Ирина Сергеевна была явно разочарована. И она, и Юрий Александрович Завадский исповедовали бережное отношение к таланту. Они считали, что одаренный человек имеет право на некоторые человеческие слабости, даже на отклонения. Тех, кого они принимали, баловали терпимостью. Ну что ж, что пьет, ну что ж, что не стандартен в сексуальной ориентации, ну что ж, что не всегда дисциплинирован, ну что ж, что характер имеет неадекватный, зато яркая, творческая индивидуальность, тонкая рефлексирующая натура — искусство требует жертв! Ирина Сергеевна полагала, что мои эротические мотивы в роли Павла столь глубоки, что она готовилась к долгому, мучительному разговору с трепетным дарованием и, когда я так легко отказался от избранного, была, повторяю, явно разочарована. Однако я продолжал играть так, как играл, и ни от чего на деле не отказался.
«Все стало вокруг голубым и зеленым», — поет время от времени неподражаемая Серова по телеку в давнем фильме «Сердца четырех». И мне стыдно теперь, что помешал ей вернуться к зрителю, на экран, помешал продлить жизнь этому чуду, которое называлось в кино для миллионов Валентина Серова, а за кулисами, среди товарищей в театре ласково-уважительно Тетя Валя. Вскоре она умерла. Не так давно телекомпания РЕН-ТВ в рубрике «Несостоявшиеся премьеры» вернула из тридцатилетнего плена наш «день без вранья», наш «Урок». Он остался живым несмотря на годы, но столько воды утекло... Иных уж нет, кто работал в картине, а те далече... Ушли в иные миры Лариса Пашкова, Евгений Леонов, Николай Парфенов. Уехала в штаты к отцу — генералу американской разведки Вика Федорова. Осталась там, вышла замуж. Там встретила дикую весть о гибели матери. Отсидевшая в сталинских лагерях за свой военный роман с атташе посольства Соединенных Штатов знаменитая Зоя Федорова была застрелена на старости лет у себя в московской квартире. Моя однокурсница и симпатия Валя Малявина — невеста по фильму — вышла не так давно из тюрьмы, куда попала по подозрению в убийстве собственного жениха. Об этом подробнее еще напишу. У фильмов, как у людей, случаются разные судьбы...
По возвращении из лета в Москву я оказался некоторое время полностью не у дел. Кино запретили, из театра ушел. Что дальше?
В ресторане Дома актера встретил режиссера Театра Ленинского комсомола Сергея Львовича Штейна:
— Что делаешь?
Рассказал.
— Что думаешь делать?
— Хочу попробовать себя в режиссуре.
— Иди ко мне в ассистенты. Я ставлю новый спектакль по пьесе Анчарова «Этот синий апрель».

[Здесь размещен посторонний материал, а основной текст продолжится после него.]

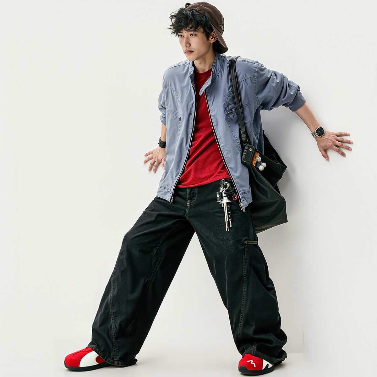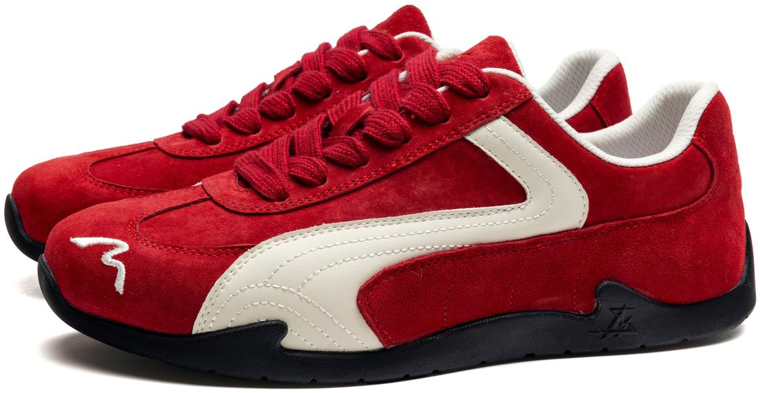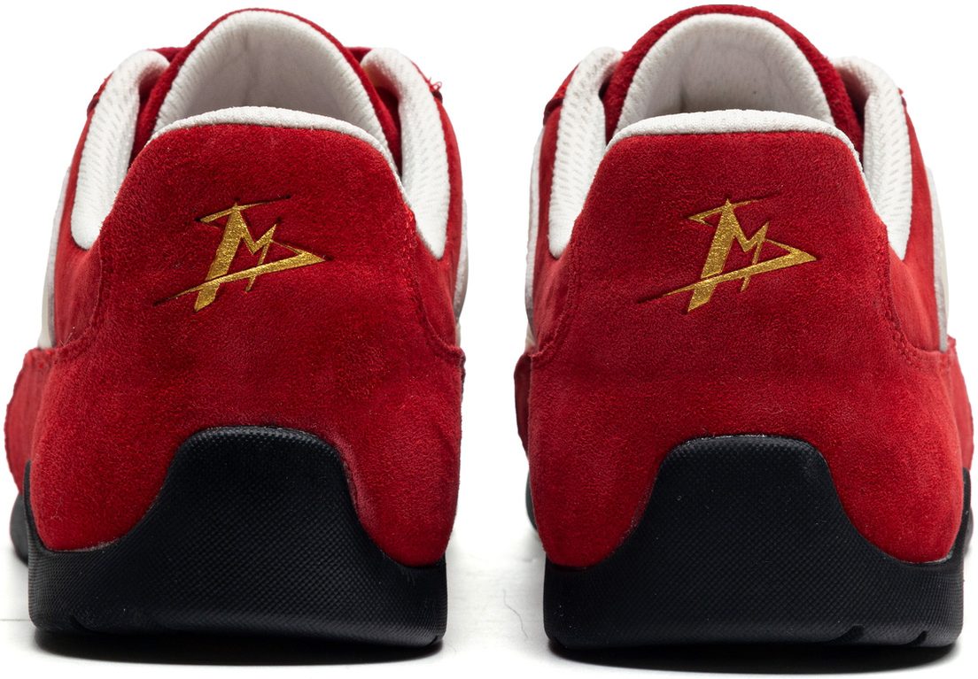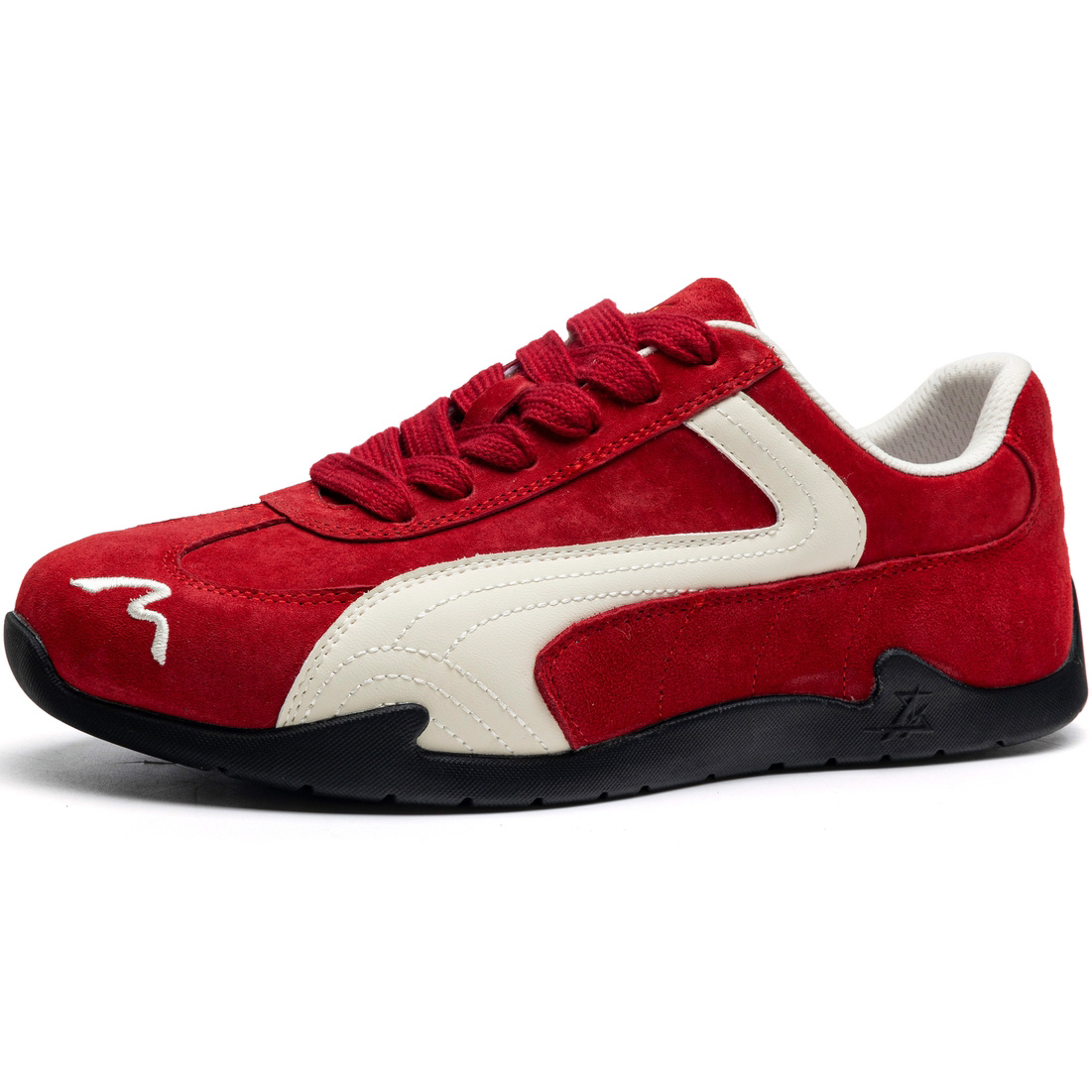 Mens Suede Black German Army Trainers with White Streamlined Overlays and Embroidery
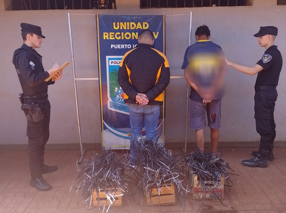 La Policía detuvo a dos hombres de 39 y de 21 años, en el marco de una investigación que se lleva adelante por el robo de más de 60 metros de cables, baterías, módulos de potencia y cobre, de una antena repetidora en la localidad de Comandante Andresito. Las aprehensiones, si bien se conocieron este sábado, una de ellas se produjo durante la semana y fueron realizadas por efectivos de la Comisaría local.

Новый главный режиссер Театра Ленинского комсомола Владимир Монахов — невдохновенно-испуганный человек — встретил меня поначалу нормально. Договорились, что прихожу на актерскую ставку, но занимаюсь исключительно режиссурой вместе со Штейном. Пошли репетиции. Анализ, разбор материала. Застольный период.
Сергей Львович был человек ироничный и образованный, талантом лирический, мягкий, интеллигентный. Бережно относился к артистам. Пытался понять, подвести, не навязывая, к необходимому для него решению. Работали радостно и несуетливо. После работы, как правило, шли вместе обедать в ВТО или «Русскую кухню». Отношения становились все теплее, и я чувствовал, что Сергей Львович в меня влюбляется. Еще при Эфросе после моего ввода в его спектакль «До свидания, мальчики» Сергей Львович при поздравлении неожиданно поцеловал меня в губы. Я опешил. И Саша Збруев с улыбкой ответил на мой невысказанный вслух вопрос:
— Да-да! Ты разве не знал?
Я не знал, что Сергей Львович был «голубым» — человеком иной сексуальной ориентации. От обеда к обеду я все более ощущал себя не в своей тарелке. Стал даже сочувствовать, понимать женщин, которые вынуждены тяготиться маслянисто-игривым взглядом настырно ухаживающего мужчины. Каково им? А мне тем более, с моим характером. Терпеть не могу натяженности, невыясненности отношений. Молчал, молчал — и прорвало. После ухи, расстегайчиков и пятидесяти грамм в лоб спросил Сергея Львовича:
— Что бы вы сейчас хотели?
Мастер не растерялся, пошел в атаку:
— Хочу, чтоб поехали сейчас ко мне, легли на диван, сняли носки...
Я прервал его:
— Из глубокого уважения, Сергей Львович, я перед вами могу снять только шляпу.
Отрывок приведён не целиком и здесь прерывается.